With reference now also to FIG. 2, connected to the manifold and mounted thereon are a plurality of spaced heat transfer elements or members 22. The heat transfer element can be in the form of a micro channel heat exchanger employing fins. More particularly, one such design employs one or more inlet channels 24 and one or more outflow channels 26. The inlet channels communicate with a temperature control fluid inlet conduit 30 and the outflow channels 26 communicate with a temperature control fluid outlet conduit 32. Needless to say, the inlet channels communicate with the outflow channels, although that is not clearly shown in FIGS. 2 and 3. Both of the conduits 30 and 32 are defined in the manifold 20. As can best be seen from FIG. 3, heating fluid or coolant fluid is wicked up into the fin 22 via the fluid inlet channels 24. The fluid transfers heat to or picks up heat from the filtration material and exits via channels 26 which allow the fluid to circulate away.

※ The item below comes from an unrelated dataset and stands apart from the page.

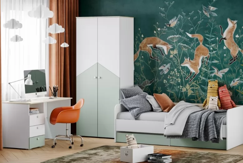 Коллекция «Банни» сочетает в себе актуальный дизайн и высокую функциональность. Практичная композиция в светлых тонах и цветными элементами фасадов станет отличным вариантом для меблировки современной молодежной комнаты. В данном комплекте: кровать с бельевыми ящиками, письменный стол с тремя выдвижными ящиками и шкаф с двумя полками и штангой для одежды. Максимально функциональные модули выполнят задачу эргономичного обустройства комнаты.
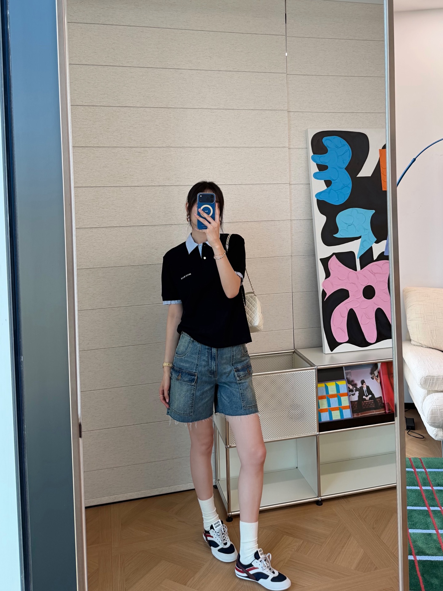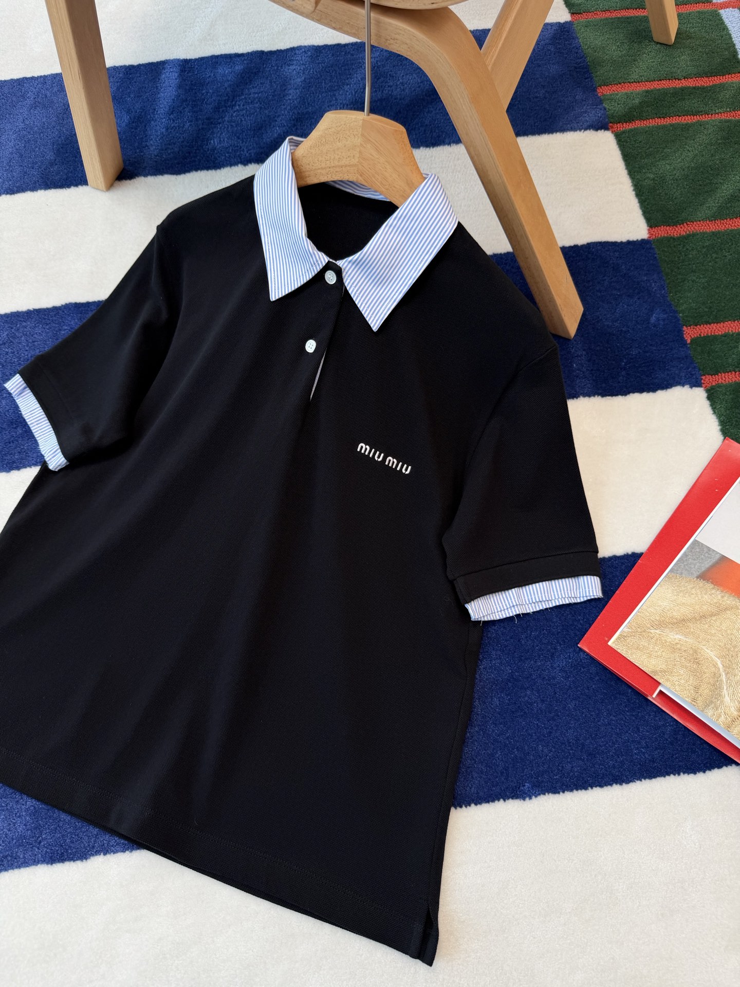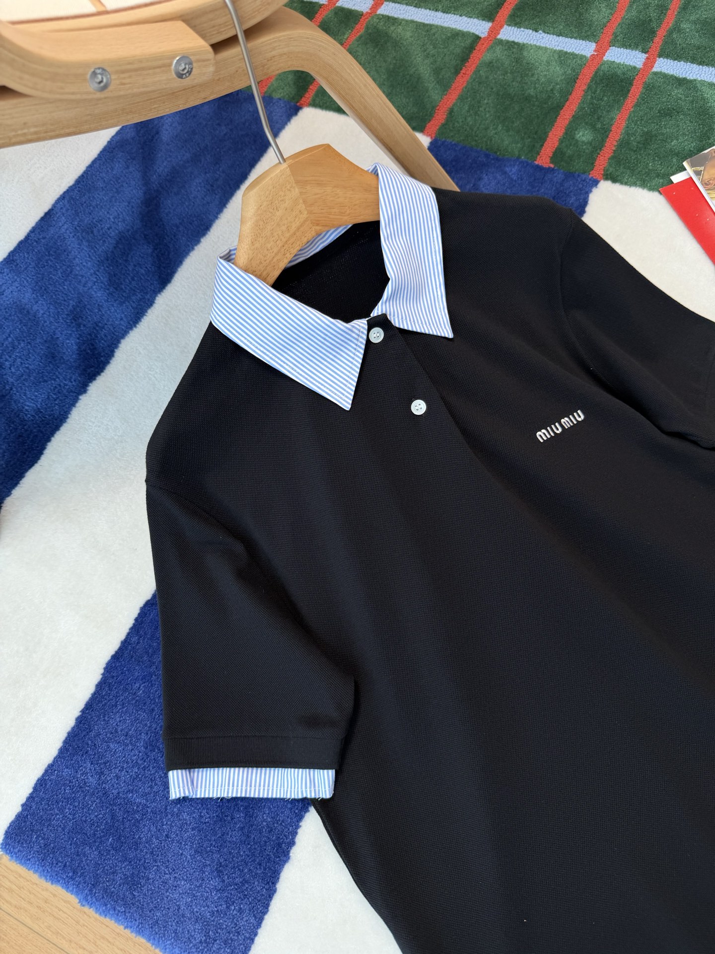2026春夏新品 Miu家 拼接條紋翻領Polo衫

As is known, the filtration material or filtering medium operates to remove contaminants as the air passes through the filter in a radial direction as shown by arrow 40. Once the air has passed through the filter body 10, it exits in an axial direction such as is shown by arrow 42 in FIG. 1. The filtering media is often formed from a granulated material, for example, an activated carbon. Of course, a plethora of other types of filtration material can be employed as well. The fins 22 can be made from a conventional aluminum material or other known materials.

It should be apparent that the heat transfer fins are oriented radially so as to interfere as little as possible with flow of air through the filter body 10. Thus, air will flow on either side of the heat transfer fin 22 from the filter outer surface 12 to the filter inner surface 14 in an uninterrupted manner. While as much heat transfer surface as possible is provided by the fins 22, they interfere as minimally as possible with air flow through the filter.

The heat transfer fluid employed can be any of the known types heat transfer fluids. For example, certain hydroflorocarbons, such as HFC-134A or HFC-152A can be employed. In addition, CO₂ or ammonia can be employed as the heat transfer fluid. All that is necessary is that the fluid be capable of both adding heat to the filtration material and removing heat from the filtration material in an efficient manner.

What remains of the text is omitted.